Entrammo a casa e non c’era nessuno. Jeff rimase sulla soglia e disse sono tutte nella cassettiera, una scatola nell’ultimo cassetto. Entrai di là per prendere la scatola, ma mi fermai sulla soglia del nostro bagno, mentre Keith mi faceva segno di stare zitto. Io non lo feci e gridai che cazzo stai facendo e Jeff venne subito dicendo Leslie, ma chi c’è entrò e prese per un braccio Keith. Era seduto per terra, le spalle appoggiate al lavandino. Aveva in bocca una penna e in mano un foglio. Keith stava scrivendo qualcosa. Ma non fu quello a farmi urlare più incazzato che mai. Era che dentro il lavandino c’era una rig; ce n’era una e c’erano delle goccioline di sangue.

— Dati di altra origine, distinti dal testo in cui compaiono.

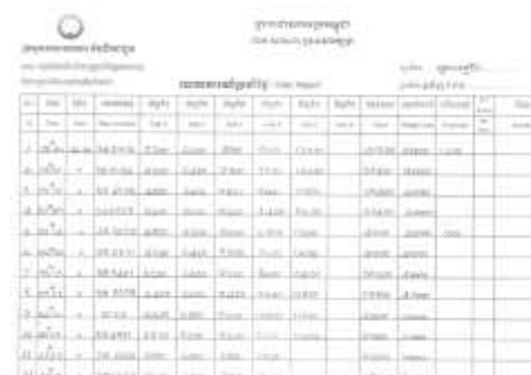
記録フォームの改善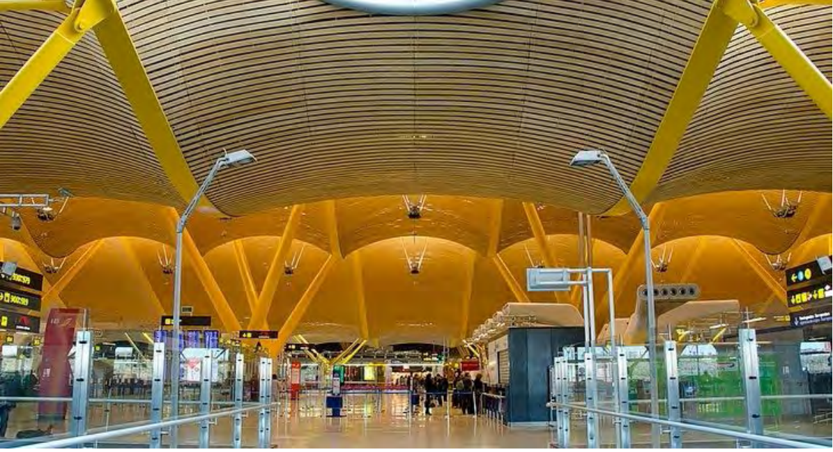
Barajas Airport (MAD)

Che cazzo fai Keith, che cazzo stai facendo si può sapere? Anche Jeff l’aveva notata e aveva preso Keith per un braccio e l’aveva fatto alzare e così si guardarono negli occhi. Keith sembrava tranquillo come non l’avevo mai visto. Disse sto scrivendo una canzone, Jeff. Mi avete disturbato. Che cazzo scrivi una canzone, dissi io, ti sei fatto Keith? Jeff aggiunse c’hai mentito, Keith. Una cazzata bella e buona. Keith ci guardò e ci disse tanto non avremmo combinato niente. Jeff disse ah perché tu stai combinando molto, facendoti d’ero come un coglione, Keith. Lui non rispose e gli porse il foglio su cui stava scrivendo come a dirgli leggi, leggi. Jeff lo fece, lesse, e poi guardò Keith e me, ci guardò intensamente con i suoi occhi verdi e mi passò il foglio. Quando lessi le parole che vi erano scritte sopra, con la grafia piccola di Keith, capì il perché di uno sguardo intenso come quello di Jeff poco prima. Quelle erano parole; quella era una melodia; quella era una canzone.
E aveva un testo semplicemente meraviglioso.
Keith sorrideva e noi avevamo già dimenticato tutti i problemi di prima, mentre entusiasti parlavamo della nuova canzone, della sua musica, degli assoli di chitarra e basso che Keith aveva immaginato forti e veloci, della mia voce che aveva immaginato languida. Sentimmo Rave sbattere la porta proprio mentre parlavamo della parte vocale. Ci raggiunse e disse che cazzo fate ancora qui e Keith gli porse il foglio e gli disse abbiamo una canzone, Rave. Lui ci squadrò e disse beh menomale, perché ci rimangono solo settanta dollari. Che cazzo hai fatto con tutti questi soldi Rave urlò Jeff, ma Rave rise e rispose li ho spesi bene, ho preso un po’ di cose da mangiare. Non so come, ma quando Rave disse da mangiare, capì che non era di cibo che stava parlando. Jeff disse non prendermi per il culo Rave, almeno 20 te li sei fottuti in whisky, cazzo, puzzi. Lui si mise a ridere di nuovo e poi a gridare e beh, io non posso prenderne venti e lui può spenderne 40 per scrivere una cazzo di canzone. Keith disse io spendo quaranta dollari, scrivo e te ne faccio intascare cento, con le mie canzoni, Rave. Rave gli sorrise e disse già, cazzo, la penna s’era dimenticata chi sei, Keith, da quanto tempo è che non la prendi in mano veramente. Keith aggrottò la fronte e disse leggila, testa di cazzo, leggila. Rave prese il foglio e lo scorse velocemente. Poi sussurrò cazzo Keith e disse beh, quand’è che cominciamo a provarla?